I have a folder containing four PDFs. Each PDF includes only one table and that table spans multiple pages for 3 PDFs. One PDF only has one page and that page also only consists of one table. I'm using Tabula to extract the tables from the PDFs into DataFrames that are eventually output as JSON files.
I can successfully extract and output as JSON, 2 of the PDFs. However, the other 2 give this message:
Reading PDF File: Zeke Allocations (April 2020)
The output file is empty
Reading PDF File: USG Allocations (December 2020)
The output file is empty
This is my code:
import os.path
import tabula
import glob
import json
file_path = "this is the file path"
filename=os.path.splitext(os.path.basename(file_path))[0]

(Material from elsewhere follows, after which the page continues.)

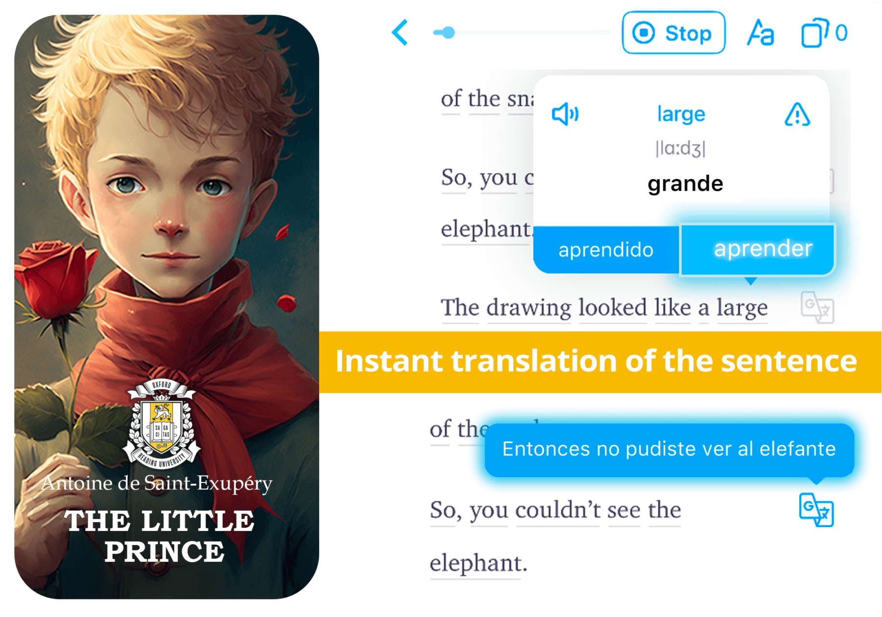 Start reading. When you come across unfamiliar words or phrases, EWA allows you to see translations by simply clicking on them.You also can see the translation of the whole sentence by tapping the icon on the right.This feature keeps you engaged in the story while helping you learn new vocabulary in context.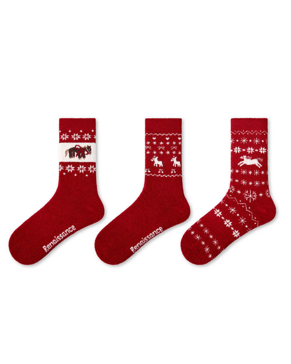 통기성 좋은 콤브드 코튼 블렌드로 제작되어 각 켤레가 편안한 신축성과 안정적인 편직 구조를 제공해 일상적인 겨울 착용에 적합합니다. 코디된 레드 톤과 은은한 패턴 변주로 실내 휴식, 계절 스타일링 또는 뜻깊은 새해 선물용으로 이상적입니다.

print(f"Processing folder: {filename}")
pdf_files=glob.glob(file_path +'/*.pdf')
print(f" Found {len(pdf_files)} PDF file/s in directory: {file_path}")
for i,files in enumerate (pdf_files):
pdf_name= os.path.splitext(os.path.basename(files))[0]

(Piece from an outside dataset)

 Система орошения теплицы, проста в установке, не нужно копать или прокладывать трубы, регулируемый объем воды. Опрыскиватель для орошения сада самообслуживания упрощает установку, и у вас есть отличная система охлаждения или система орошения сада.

print(f"Reading PDF File: {pdf_name}")
dfs=tabula.read_pdf(files,pages='all',multiple_tables=False,stream=True,pandas_options={'header':None})
dfs_list=[]
for df in dfs:
df=df.dropna()
print(f"Found {len(dfs)} table/s in: {pdf_name}")

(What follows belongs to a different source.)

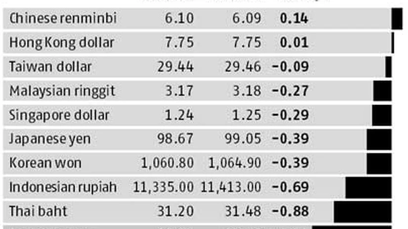 The rupee lost 1.2 per cent from November 1 to 62.475 per dollar in Mumbai, according to prices from local banks compiled by Bloomberg. Indonesia's rupiah weakened 0.7 per cent to 11,410, Thailand's baht fell 0.9 per cent to 31.475 and Malaysia's ringgit dropped 0.3 per cent to 3.1794.

column_names = ['Index', 'Account', 'Allocation($mm)']
df.columns=column_names
print(df)
df_json=df.to_dict('records')
print(df_json)
with open(f" {filename}.JSON",'w') as f:
json.dump(df_json,f, indent=4)
What could I do to extract the content of the other two PDFs? All the PDFs essentially follow this format and they are text-based, not scanned:
Account | Allocation |
---|---|
Alice | 7.8 |
Bob | 2.5 |
Charlie | 4.0 |